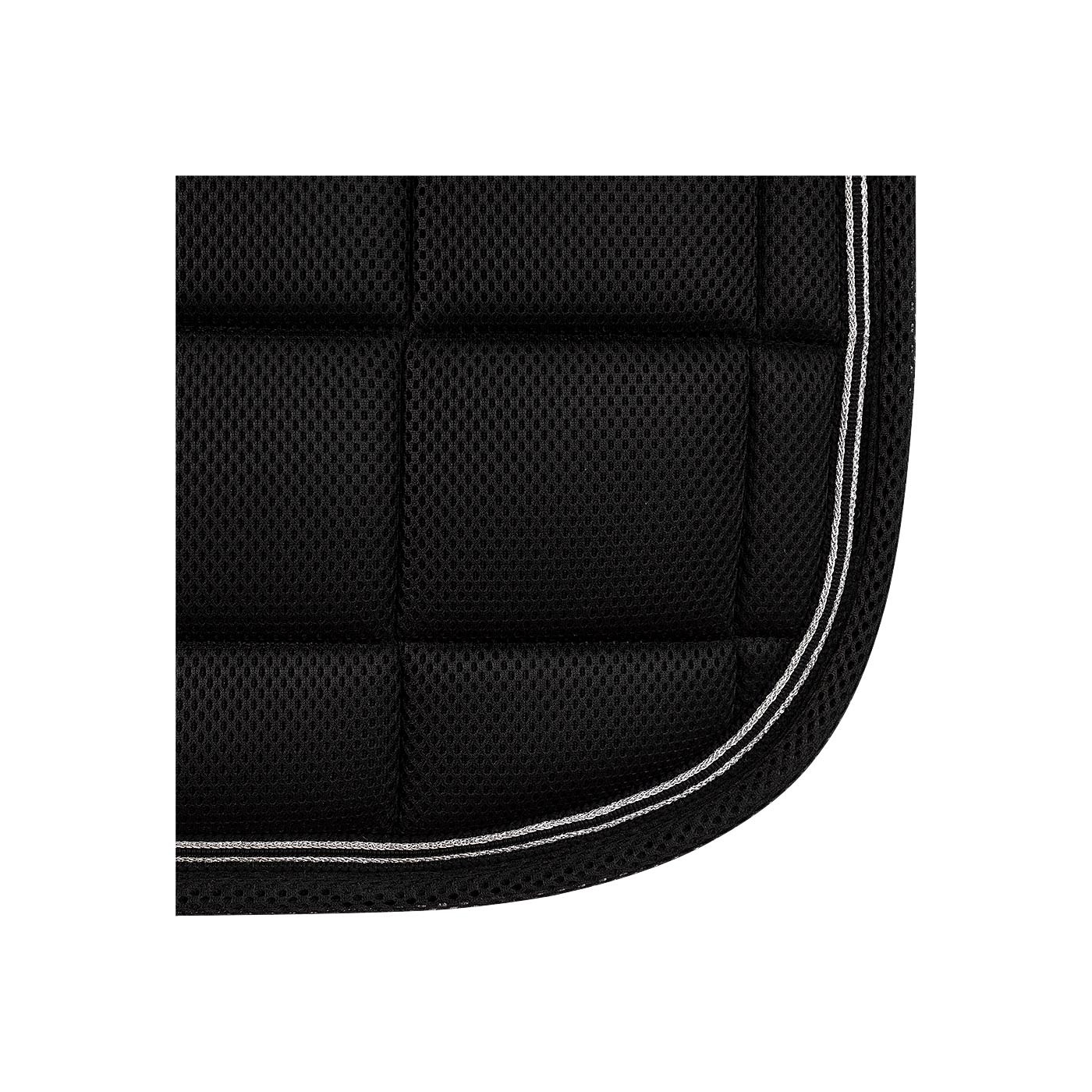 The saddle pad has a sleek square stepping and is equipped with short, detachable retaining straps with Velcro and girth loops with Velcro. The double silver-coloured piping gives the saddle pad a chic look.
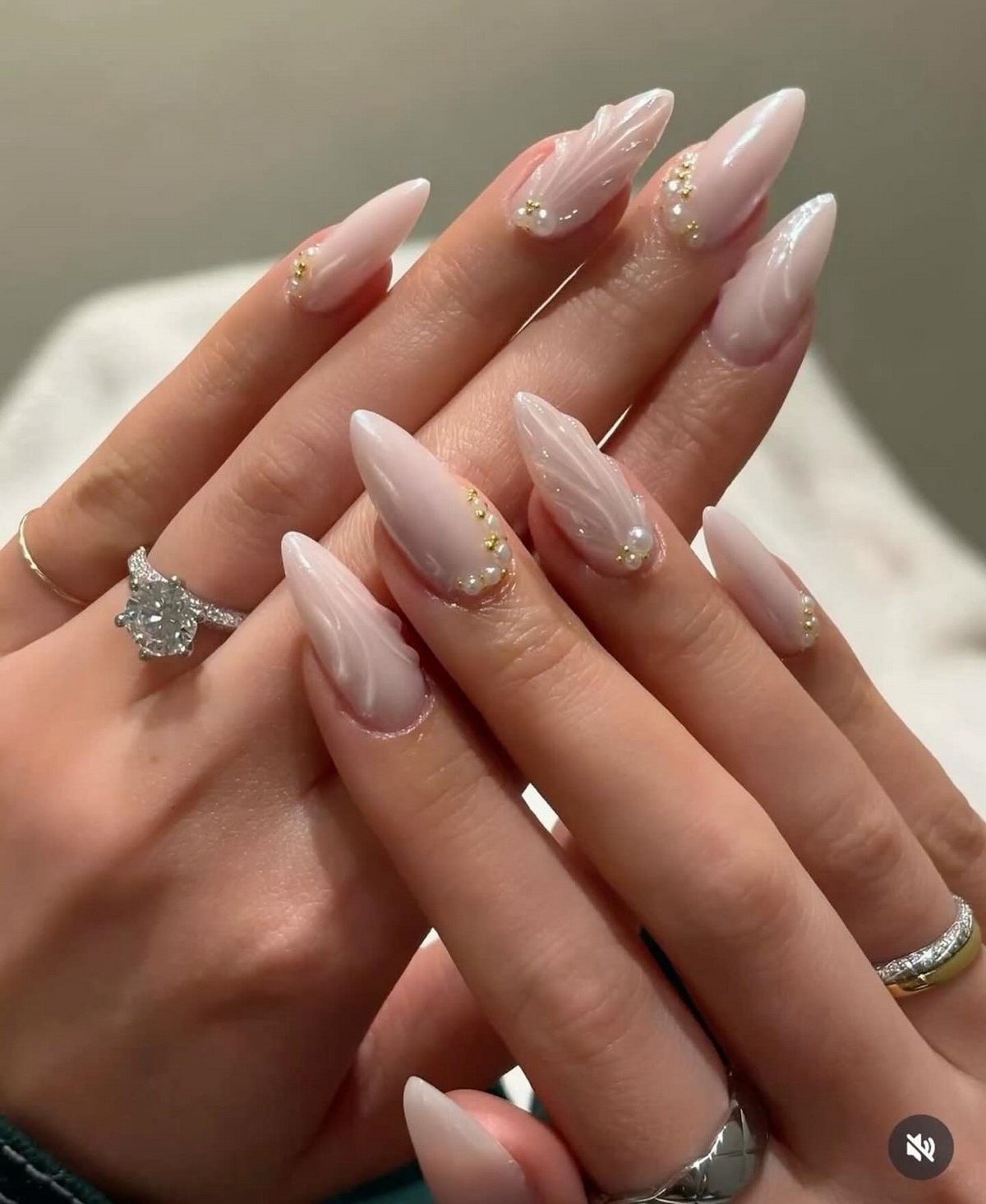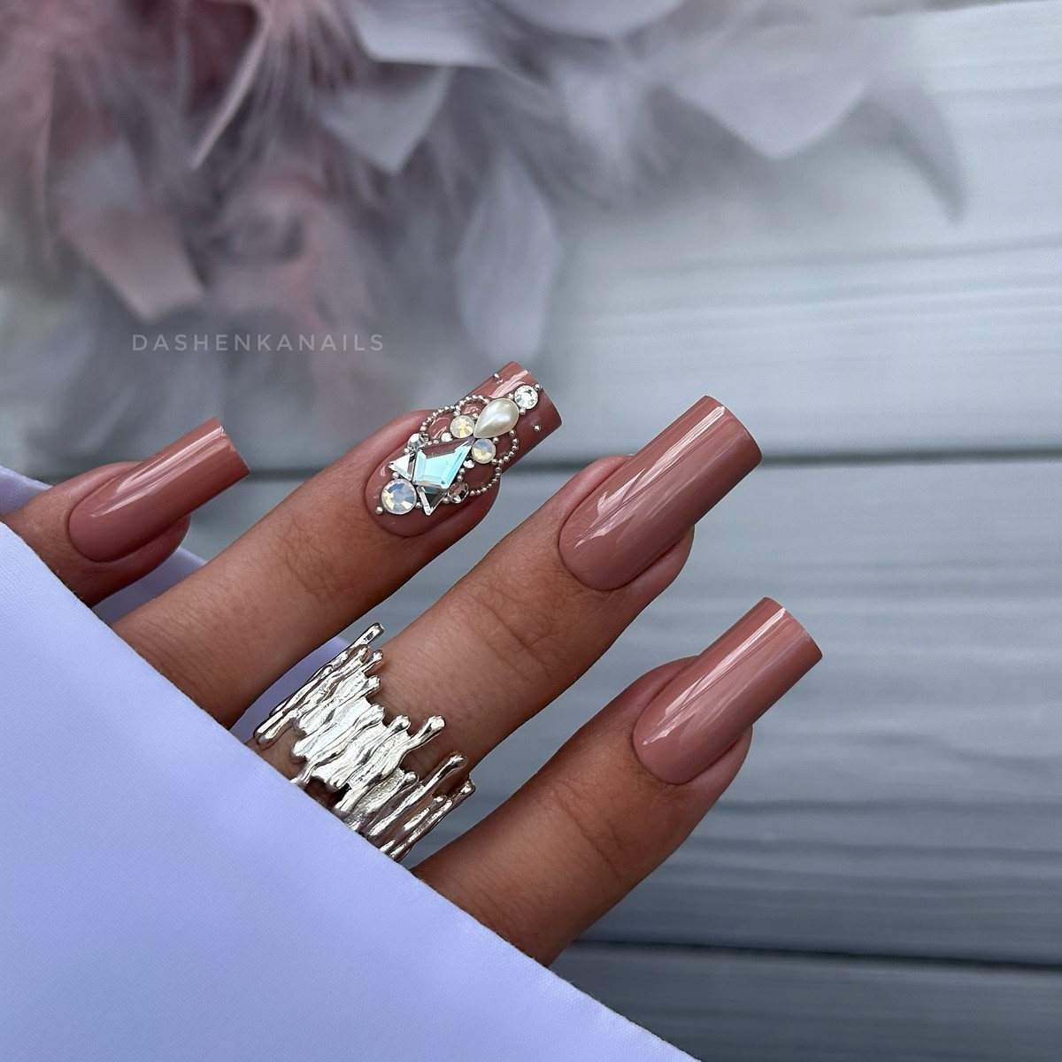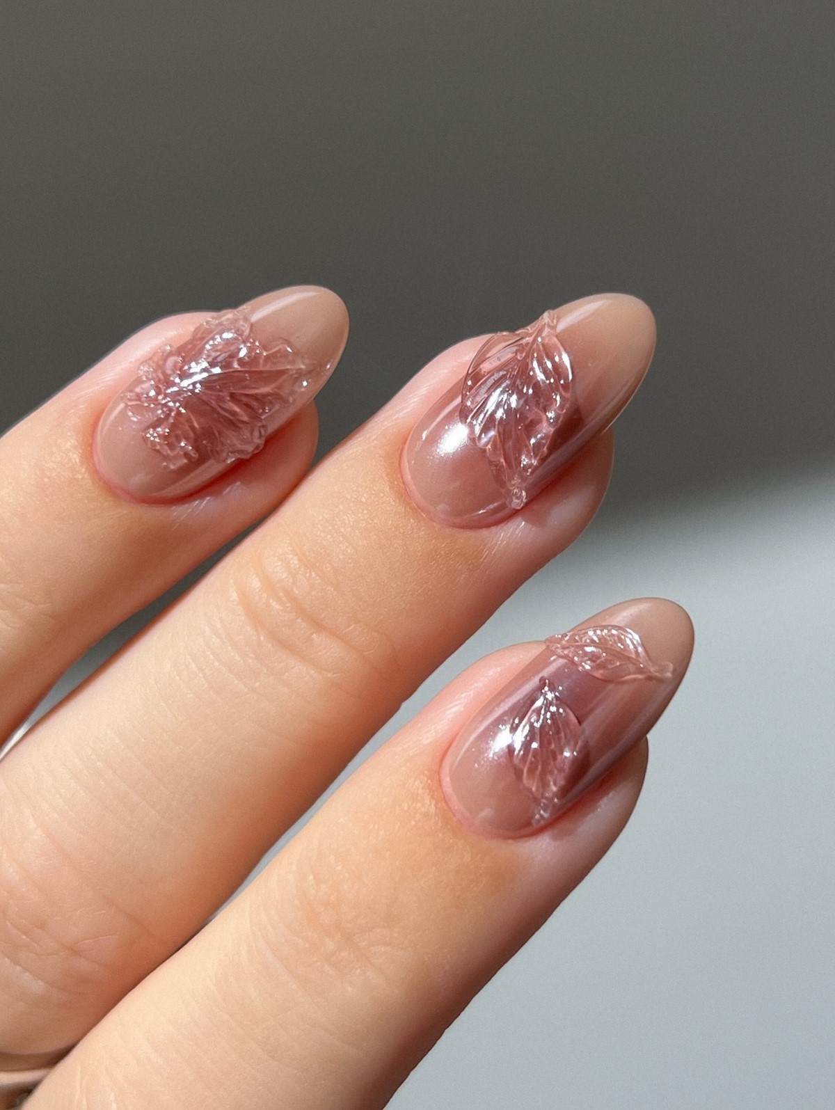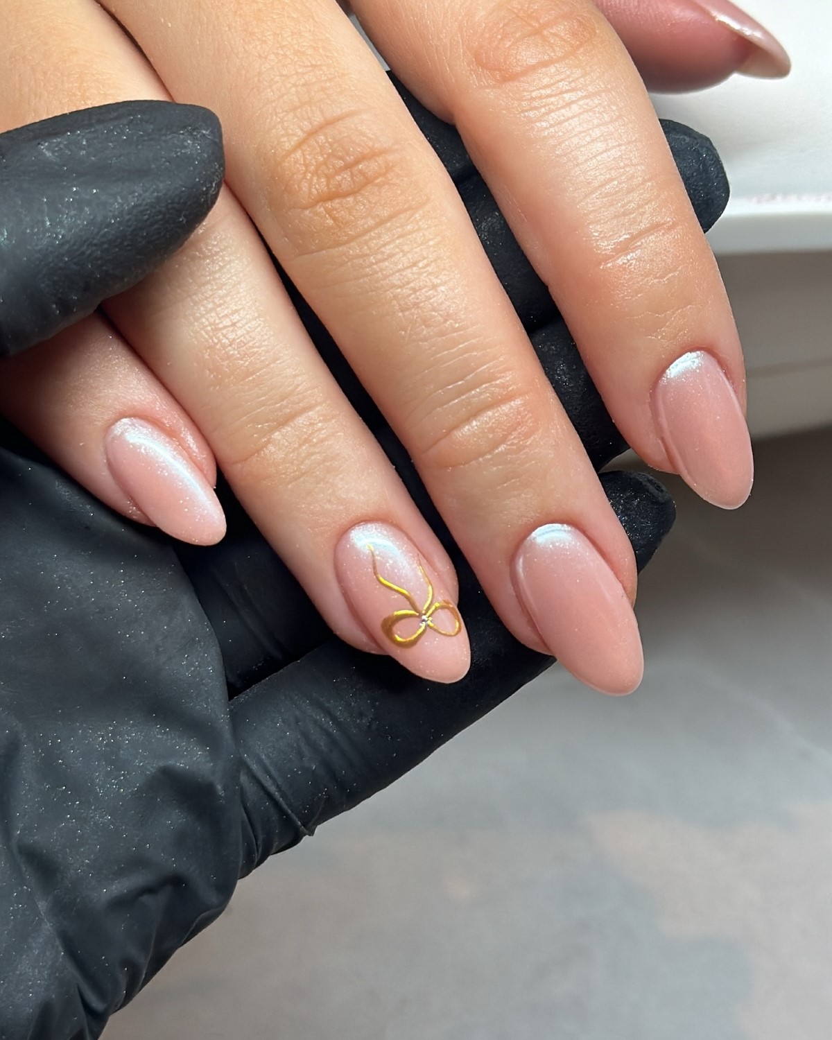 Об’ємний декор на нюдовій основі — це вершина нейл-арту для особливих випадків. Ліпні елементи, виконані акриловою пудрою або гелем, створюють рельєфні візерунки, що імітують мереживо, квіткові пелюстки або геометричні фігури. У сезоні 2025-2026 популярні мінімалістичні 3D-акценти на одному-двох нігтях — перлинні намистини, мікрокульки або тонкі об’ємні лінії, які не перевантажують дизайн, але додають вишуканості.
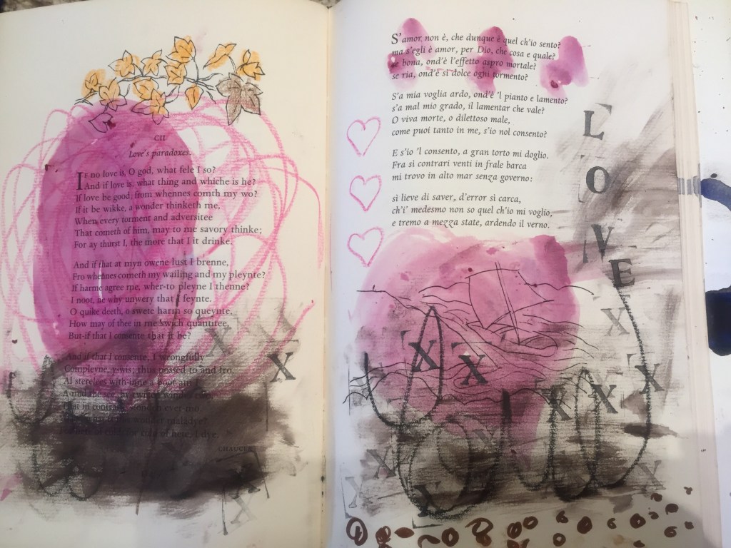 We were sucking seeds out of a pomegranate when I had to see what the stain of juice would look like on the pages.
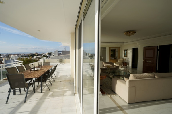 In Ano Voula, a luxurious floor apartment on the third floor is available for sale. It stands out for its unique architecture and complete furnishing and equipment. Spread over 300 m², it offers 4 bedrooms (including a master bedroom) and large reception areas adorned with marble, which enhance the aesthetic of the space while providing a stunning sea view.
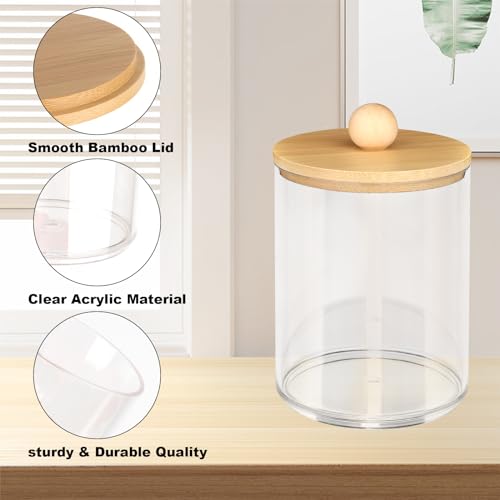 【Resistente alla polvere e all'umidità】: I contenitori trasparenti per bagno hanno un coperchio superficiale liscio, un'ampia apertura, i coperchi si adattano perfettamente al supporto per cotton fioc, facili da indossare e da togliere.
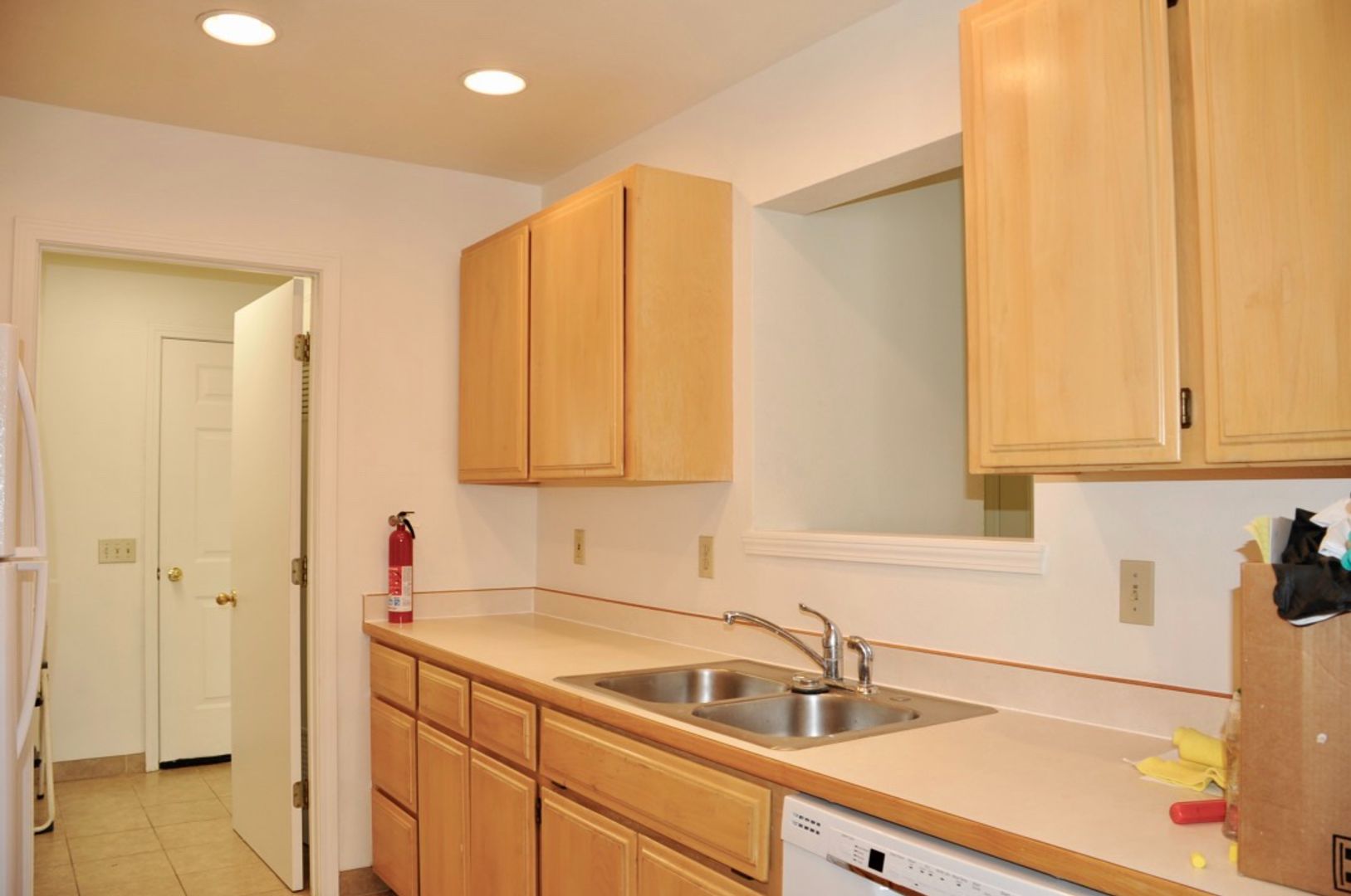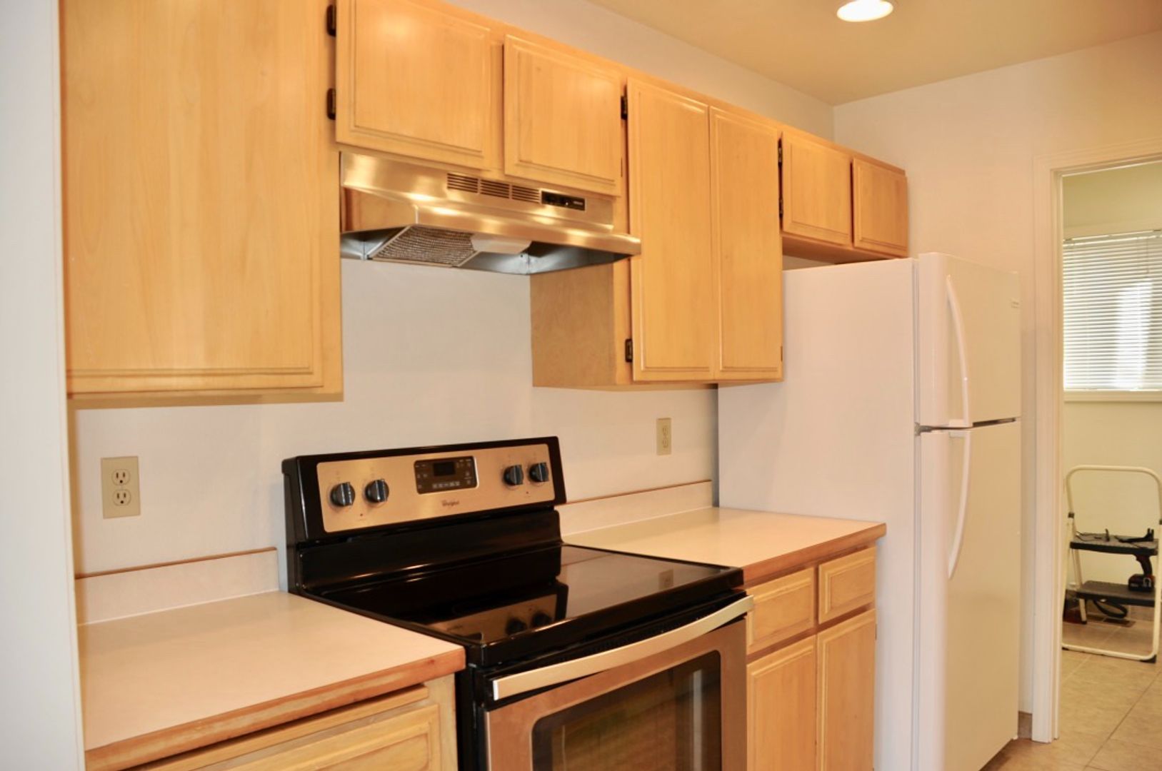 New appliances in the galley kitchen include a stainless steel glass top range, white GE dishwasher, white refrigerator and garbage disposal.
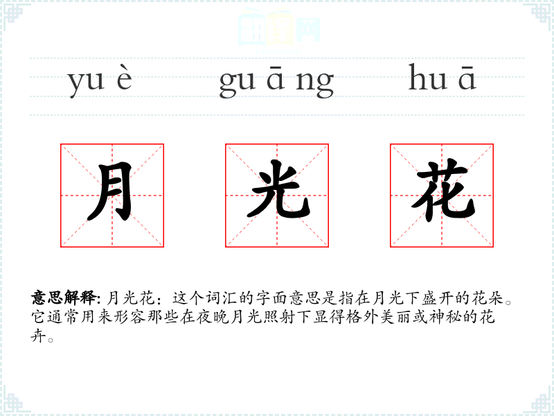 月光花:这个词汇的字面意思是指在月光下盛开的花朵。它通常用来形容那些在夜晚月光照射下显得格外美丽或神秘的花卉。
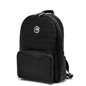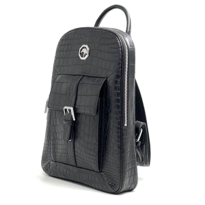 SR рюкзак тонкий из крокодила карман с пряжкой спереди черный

----

→ **Requirement**:
Take the line containing "In Ano Voula, a" and every line after it to the end of the records, and restate them verbatim, with no pictures.

→ **Exercise solution**:
 In Ano Voula, a luxurious floor apartment on the third floor is available for sale. It stands out for its unique architecture and complete furnishing and equipment. Spread over 300 m², it offers 4 bedrooms (including a master bedroom) and large reception areas adorned with marble, which enhance the aesthetic of the space while providing a stunning sea view.
 【Resistente alla polvere e all'umidità】: I contenitori trasparenti per bagno hanno un coperchio superficiale liscio, un'ampia apertura, i coperchi si adattano perfettamente al supporto per cotton fioc, facili da indossare e da togliere.
 New appliances in the galley kitchen include a stainless steel glass top range, white GE dishwasher, white refrigerator and garbage disposal.
 月光花:这个词汇的字面意思是指在月光下盛开的花朵。它通常用来形容那些在夜晚月光照射下显得格外美丽或神秘的花卉。
 SR рюкзак тонкий из крокодила карман с пряжкой спереди черный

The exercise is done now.